Article | March 9, 2012

The Evolving Dynamic Of The Sponsor-CRO Relationship

Source: Life Science Leader

By Kate Hammeke, research manager, Nice Insight

Seasoned industry professionals will remember a time not too long ago when the dynamic between the sponsor and CRO was purely that of a client/vendor. CROs were engaged to reduce the fixed labor costs on the sponsor side for work that varied in demand. At the time, the focus was controlling capacity fluctuations that impacted overall profitability. The work assigned to contractors was commoditized and not directly involved with the generation of intellectual property, and the majority of contracts went to businesses in the United States and EU. Ultimately, the opportunity for savings didn’t pan out as desired because hiring out mass production of unspecialized products didn’t provide any advantage when the subcontractors’ expenses were comparable to internal rates.

The true opportunity for savings through outsourcing started to take shape in the early part of the 21st century. Developing countries with strong education systems relaxed their trade borders to Western businesses around the same time that China and India started to strengthen their patent laws. While some pharma companies opted to open their own research facilities overseas, others sought CROs in these emerging markets. Within a few years, the amount of work and the complexity of the projects increased. The tipping point in the shift of the dynamic between sponsor and CRO from a client/vendor relationship to a partnership occurred when some CROs started to expand their service offering to include discovery programs.

Outsourcing The Discovery Phase
Big Pharma was the first sponsor segment to risk outsourcing discovery phase work — a leap of faith where a level of uncertainty still persists — with the hopes of ensuring a strong drug pipeline alongside considerable savings over maintaining an internal research staff. This practice only continues to increase in popularity. The results from Nice Insight’s Pharmaceutical and Biotechnology Outsourcing survey indicate that for the year ahead 50% of survey respondents specified the company they work for will engage outsourcing services for discovery phase work. As a matter of fact, after preclinical (53%), discovery is the second most popular phase during which sponsors engage outsourcing services. The likelihood of engaging outsourcing services decreases somewhat through the subsequent phases, from 48% during Phase 1, 39% for Phase 2, 33% for Phase 3, and 31% for Phase 4/postlaunch studies.

Emerging Pharma Seeks More Outsourcing Services
Among the different sponsor segments, there was some variation in the frequency of outsourcing services for discovery phase work. Interestingly, emerging pharma companies are the most likely to outsource discovery, with 58% of respondents indicating their company would engage services for this stage. Biotech and Big Pharma followed, with 53% and 52%. Just under half of emerging biotech companies (46%) outsource discovery; however, only 1/3 of specialty pharma companies engage outsourcing services during this phase of the drug cycle. Of all discovery-phase outsourcing, 2/3 is sourced by pharmaceutical companies: 30% by Big Pharma, 25% by emerging/niche/start-up pharma companies, and 11% by specialty pharma. Biotech companies source 1/4 of discovery-phase projects, and emerging bio comprises 6% of that total.

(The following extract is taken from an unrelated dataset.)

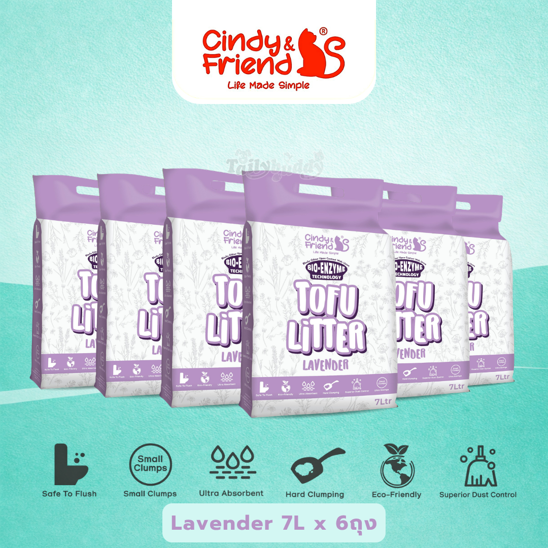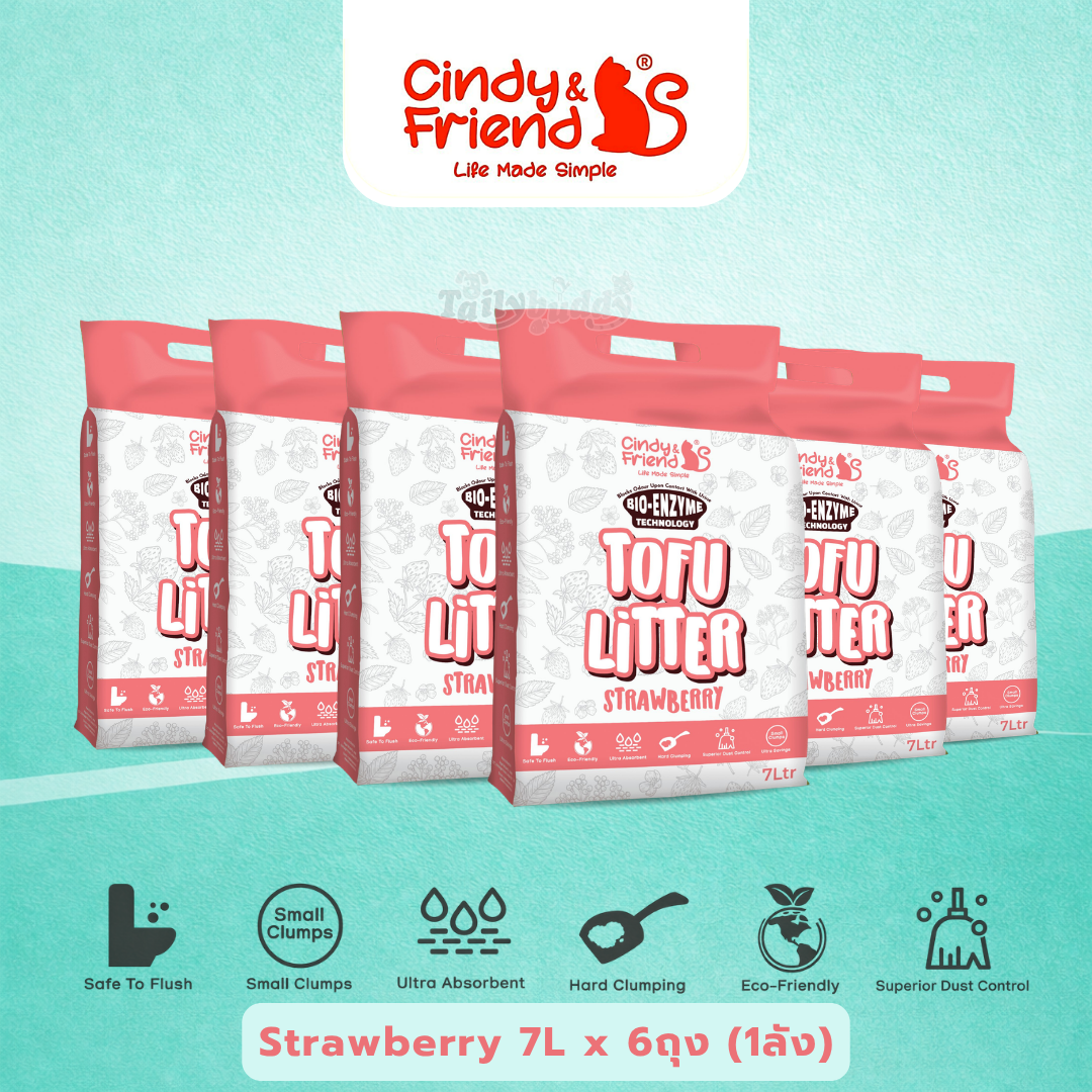 (โปรยกกล่อง) Cindy & Friends ทรายแมวเต้าหู้ ธรรมชาติ 100% เก็บกลิ่นไว ไร้ฝุ่น ทิ้งชักโครกได้ (7L x 6ถุง)

Of respondents whose companies outsource discovery phase projects, 60% also engage outsourcing services during the preclinical phase. Just under half (46%) will also outsource Phase 1, approximately 1/3 (36%) will also outsource Phase 2, and 30% will outsource Phase 3 services, in addition to discovery. One quarter of companies that engage outsourcing services during the discovery phase also engage outsourcing partners for Phase 4/postlaunch studies.

It may be too soon to tell how successful engaging CROs at the discovery phase will be when it comes to bringing better, less expensive drugs to market. However, the process of lead optimization has drastically improved and NME (new molecular entities) approvals are on the rise again. Perhaps most importantly, the change in how sponsors and contract research organizations work together — sharing in risk and reward and establishing transparent strategies based on mutual trust — will continue to positively impact the future of drug development.